Looking to get out to the rigs with a Capt. If you need a guy to put fish in the boat please PM/Call/send smoke signals... 



Resume: http://www.pensacolafishingforum.com/fishingforum/Topic19435-27-1.aspx?Highlight=horn



Stressless

Bob

(850) 974-8363


----------



## hebegb




----------



## BuckWild

I want to get out too. If any capt has more than the 1 seat available, please send me a PM also.


----------



## no hooks

Ditto.


----------



## Realtor

I tried to do this several times last year with limited success. How about we start to plan a buddy boat thing to the rigs? I figure if we got about 3-5 boats in the thing, we could communicate where the fish are better from one rig to the next?

Jim


----------



## Chris V

I KNOW, I KNOW, I've got it......All PFF members pitch in and we buy a boat together and share it. Of course legally it will be in my name cause I thought of it.

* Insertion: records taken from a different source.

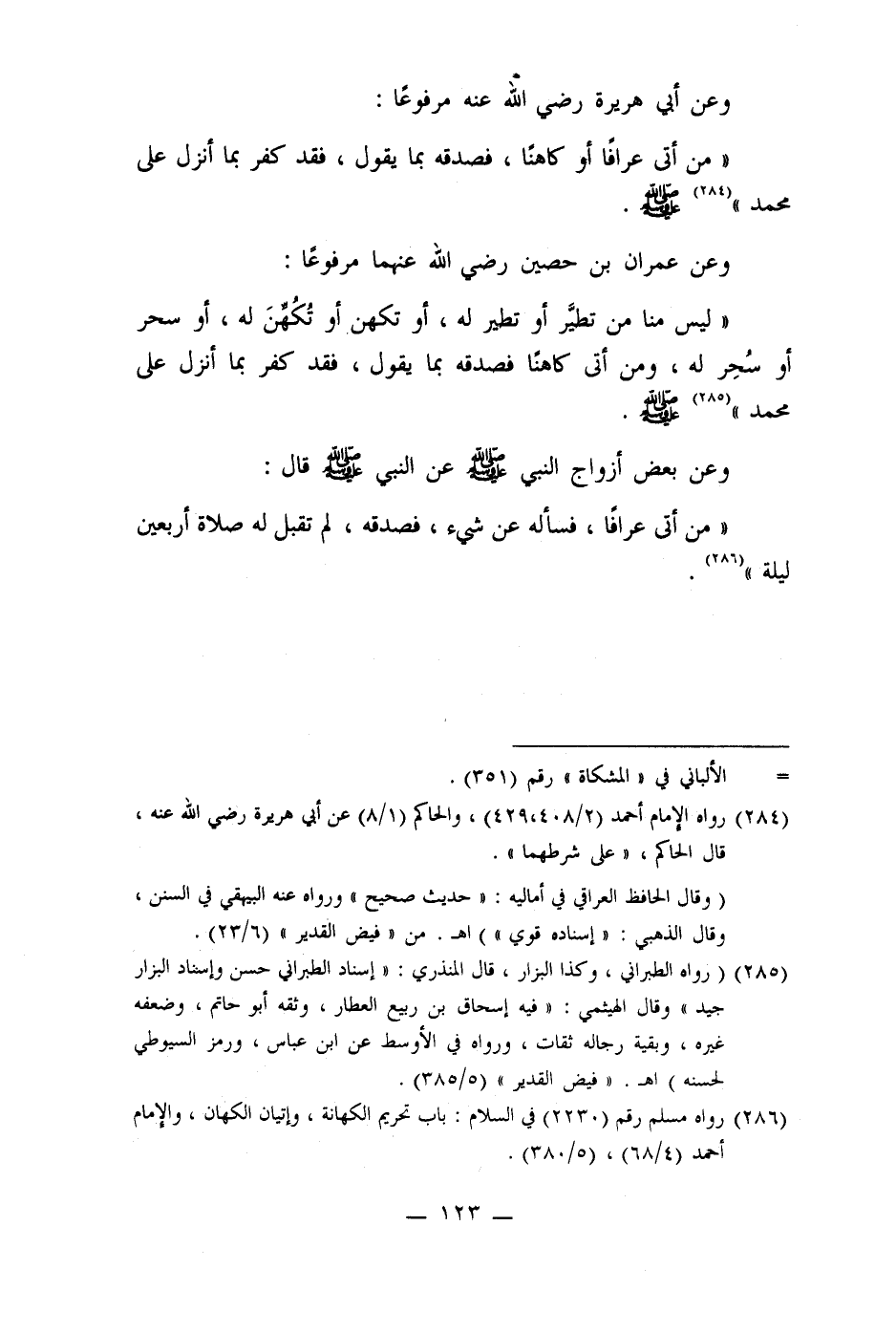 (286) رواه مسلم رقم (2230) في السلام: باب تحريم الكهانة، وإتيان الكهان، والإمام أحمد (4/68) ، (5/0 38) .
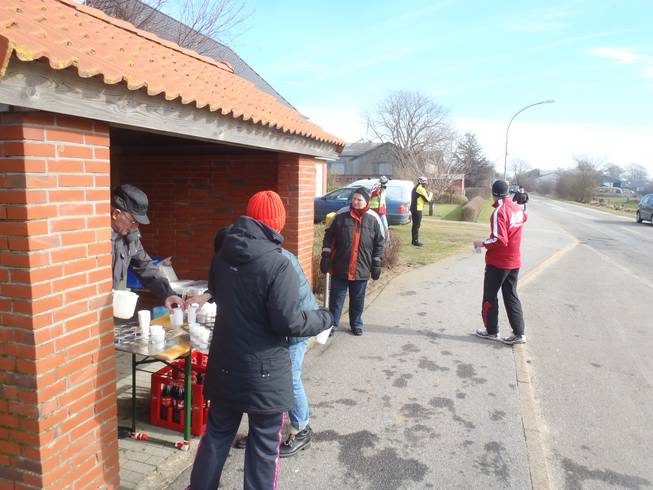 K66 Dorfstraße Ahrenshöft 12.53 Uhr / Kilometer 9,9 Verpflegungsstellen gab es sieben. Also vier Stellen, von denen man drei sowohl auf dem Hin- als auch Rückweg passierte. Hier wurde einfach die Bushalte-stelle umfunktioniert. |
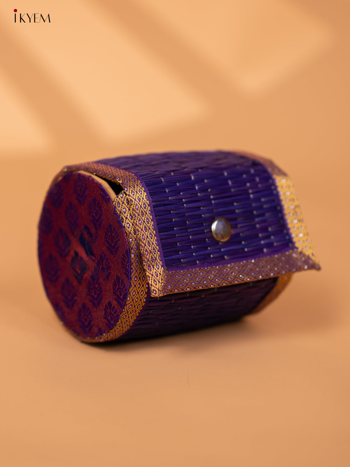 - This Decorative Foldable Korai round bangle Trinket Box with Raw Silk is the perfect addition to any Baby shower, return gift or Navaratri celebration.
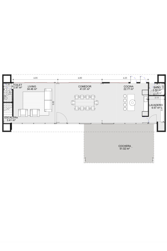 Interior abierto y fluido, con la menor cantidad de particiones posibles, permitiendo una circulación natural de luz, aire y personas.
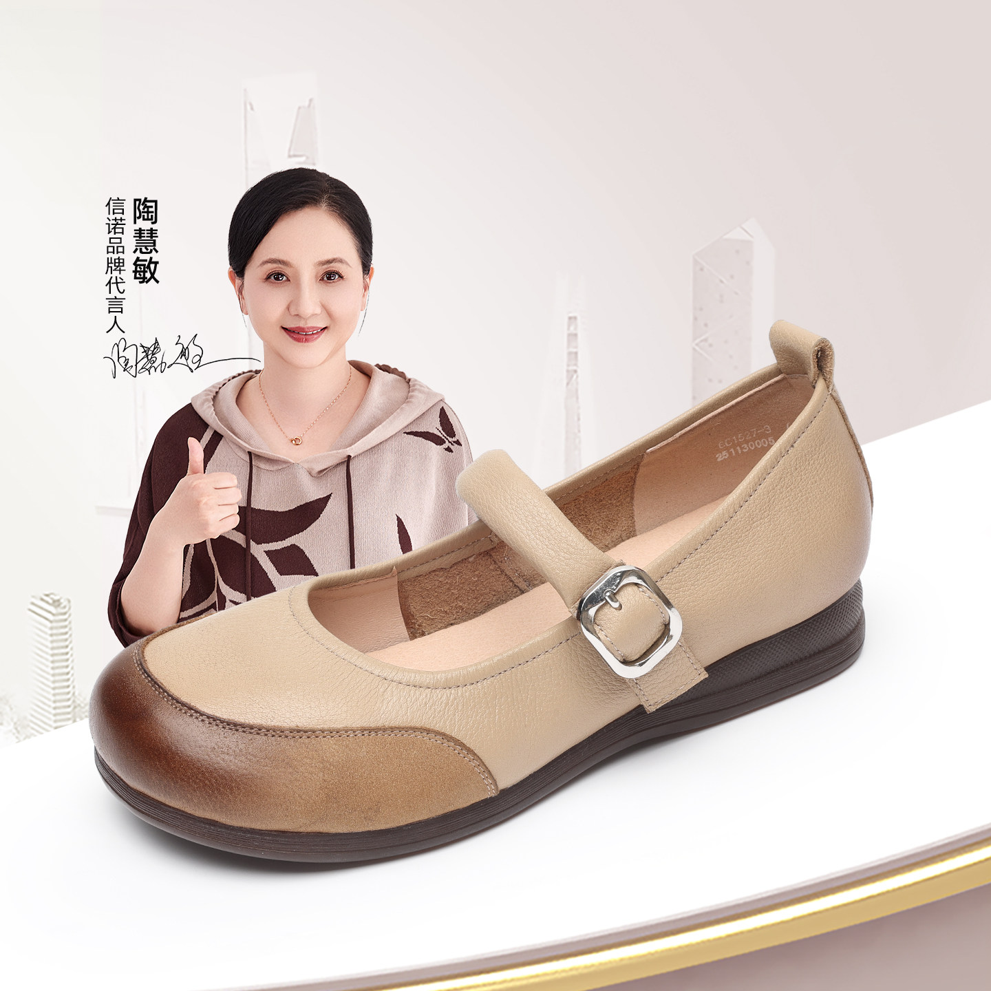 信诺妈妈鞋子真皮软底单鞋复古玛丽珍鞋中老年皮鞋女2026春季新款
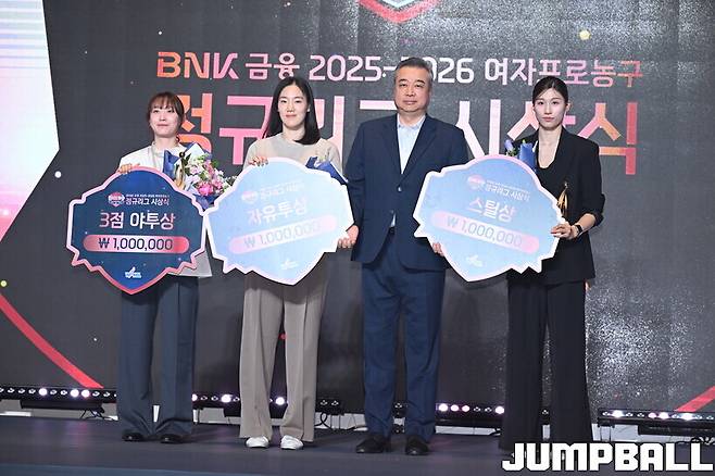 WKBL(한국여자농구연맹)은 6일 서울시 용산구 서울드래곤시티호텔 그랜드볼룸 한라홀에서 BNK금융 2025~2026 여자프로농구 정규리그 시상식을 개최했고, 통계 부문 시상으로 행사가 시작됐다.
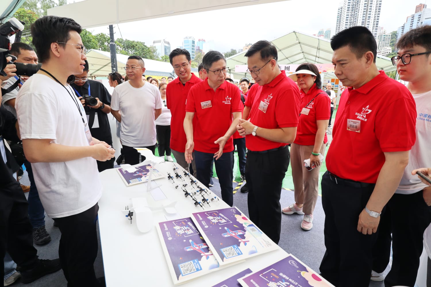 除展覽外,慶委會還在場內(nèi)設(shè)置兩個特別打卡區(qū),一組是「古代文 創(chuàng)玩具」打卡裝置,以中華優(yōu)秀傳統(tǒng)文化中的古代遊戲及玩具為題材,吸引青少年與長輩共玩、共樂、共慶,另一組為香港回歸祖國 27周年打卡裝置,以紫荊花為標(biāo)誌,營造節(jié)日浪漫氣氛,寓意香港與祖國緊密相連。
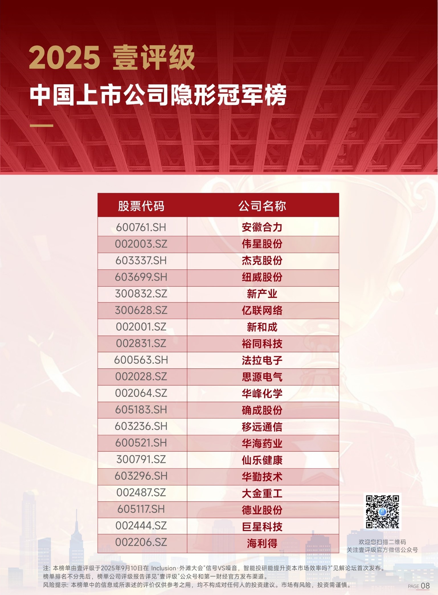 9月10日,上海广播电视台(上海文广集团)旗下第一财经发布2025年“壹评级”中国上市公司“最具护城河榜”、“最具价值榜”及“隐形冠军榜”三大榜单,同时发布首批上市公司深度研究评级报告。
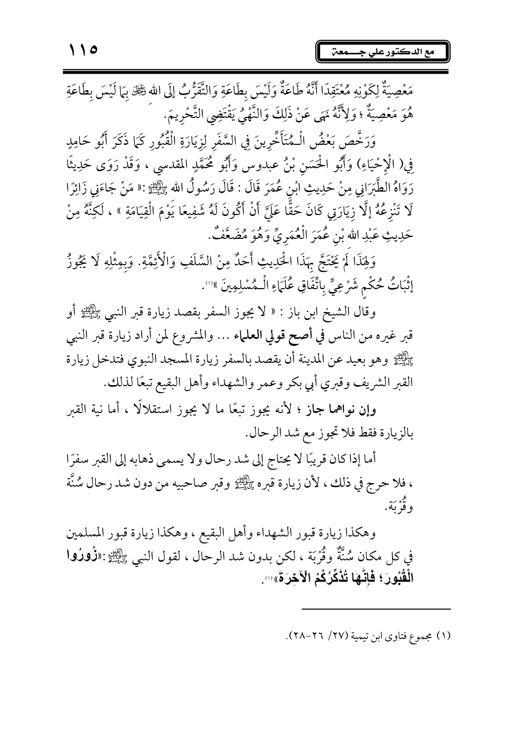 وقال الشيخ ابن باز: «لا يجوز السفر بقصد زيارة قبر النبي - صلى الله عليه وآله وسلم - أو قبر غيره من الناس في أصح قولي العلماء ... والمشروع لمن أراد زيارة قبر النبي - صلى الله عليه وآله وسلم - وهو بعيد عن المدينة أن يقصد بالسفر زيارة المسجد النبوي فتدخل زيارة القبر الشريف وقبري أبي بكر وعمر والشهداء وأهل البقيع تبعًا لذلك.
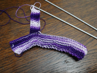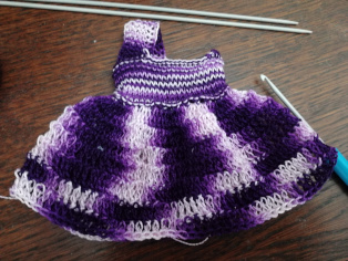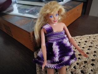 Doma sme zase vytiahli bábiky a začali ich obliekať. Najnovší model sú fialové melírované šaty, na ktorých sme skombinovali pletenie a háčkovanie.
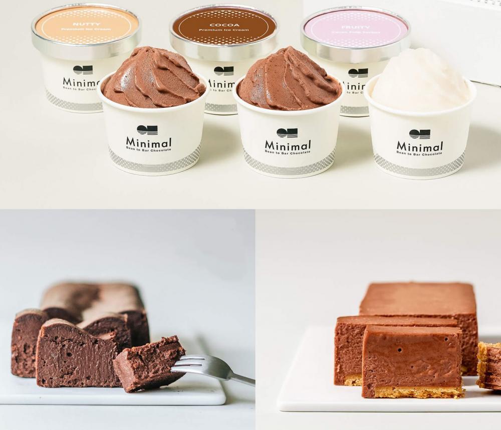 いずれも、板チョコレートからアイス、生ガトーショコラにチーズケーキなどミニマルのチョコレートを満喫できる内容です。
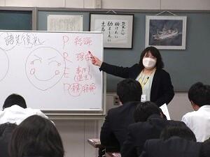 『3年生の0学期』と言われるこの時期に、採用で重視される点や非言語のコミュニケーションの大切さ、そして自分の経験を根拠とした未来へ繋がる『自己PRの書き方』、『笑顔』や『お辞儀』など実践を通して教えていただきました。最後に、代表生徒が「このガイダンスで学んだことを活かし、会社から必要とされる人材となれるよう高校生活を送っていきたい。」とお礼の言葉を述べました。
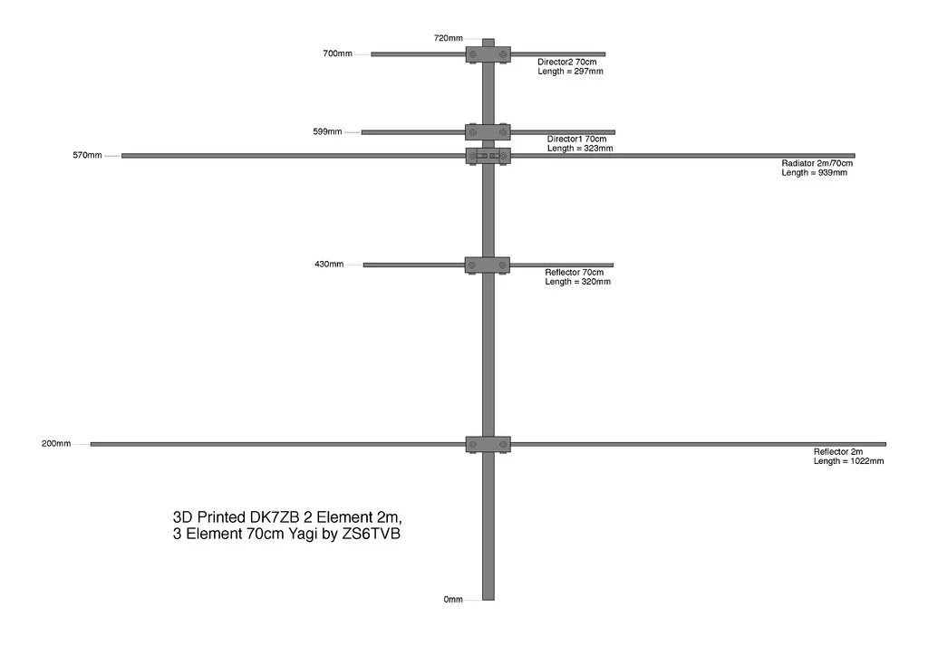 The search quickly produced several results. In addition to references to the original designer of the antenna, DK7ZB, I found a drawing with the exact dimensions and several mounting bracket designs. I even found one that included the SCAD files. This gave me the opportunity to make small modifications, such as adapting the brackets for a 19 mm boom diameter, reducing the size, and simplifying the overall design.
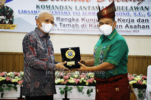 Kegiatan tersebut diakhiri dengan serah terima cinderamata dari Unsur Forkopimda Kabupaten Asahan kepada Komandan Lantamal I Belawan.

In all seriousness if me and some buddies go and need a spot or two filled I will gladly post in the need a ride section. I plan on going a few times in the next month or so.


----------



## JoshH

I'd love to get out there too.


----------



## ul412al

> *Realtor (11/7/2008)*I tried to do this several times last year with limited success. How about we start to plan a buddy boat thing to the rigs? I figure if we got about 3-5 boats in the thing, we could communicate where the fish are better from one rig to the next?
> 
> 
> 
> Jim




Realtor - I may be up for a buddy boat trip to the rigs. Let's see if we can get some traction and we can set a date.


----------



## Realtor

My brother and I are "LOOKING" at the wx real hard for a trip tomorrow and returning Thursday. finding mixed wx forcasts right now......


----------



## Matt09

> *tunapopper (11/7/2008)*I KNOW, I KNOW, I've got it......All PFF members pitch in and we buy a boat together and share it. Of course legally it will be in my name cause I thought of it.
> 
> In all seriousness if me and some buddies go and need a spot or two filled I will gladly post in the need a ride section. I plan on going a few times in the next month or so.


Let me know first Chris... haha, ill let you use my beastly Tuna Setup....


----------



## Stressless

BUMP! 1-2 tomorrow - 1< less tomorrow night Anybody need a body?



Stressless


----------